### DATASET SECTION
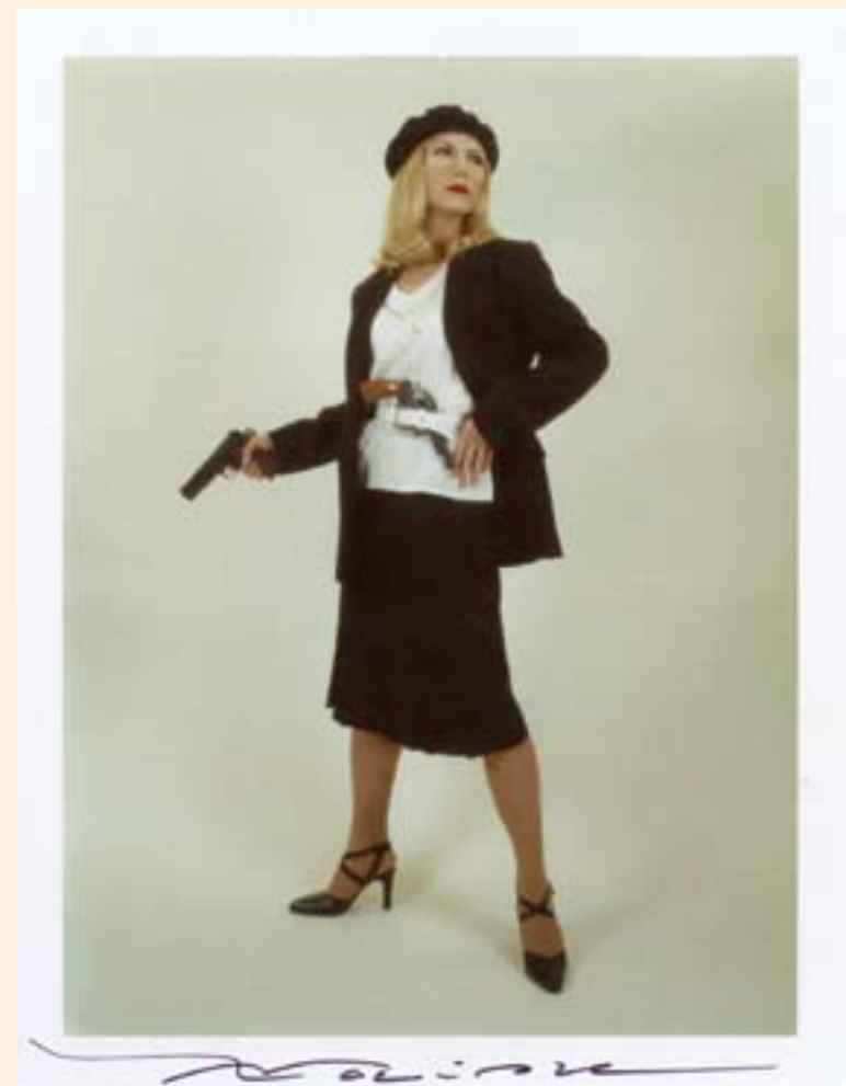
| Faye Dunaway 2 ( Bonnie and Clyde ) - 1995 - Instant Colour Film 13 x 10 cm
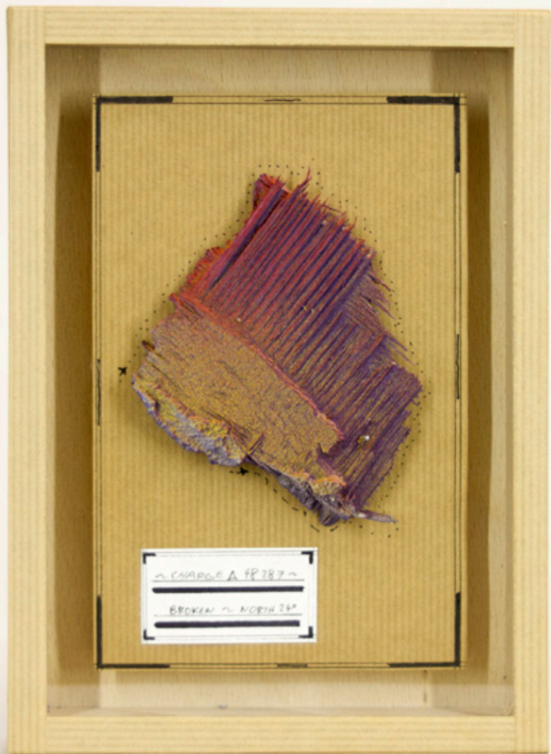
CHARGE A48287 - ACRYLIC, WOOD - 16 x 22 x 3 cm - 2017
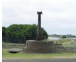
QUEENSCLIFF RAILWAY STATION SOHE 2008

### WHAT IS REQUIRED
Everything from the line with "CHARGE A48287 - ACRYLIC, WOOD" through the last line of the listing above is to be copied exactly, both ends included, except the pictures.

### RESULT
CHARGE A48287 - ACRYLIC, WOOD - 16 x 22 x 3 cm - 2017
QUEENSCLIFF RAILWAY STATION SOHE 2008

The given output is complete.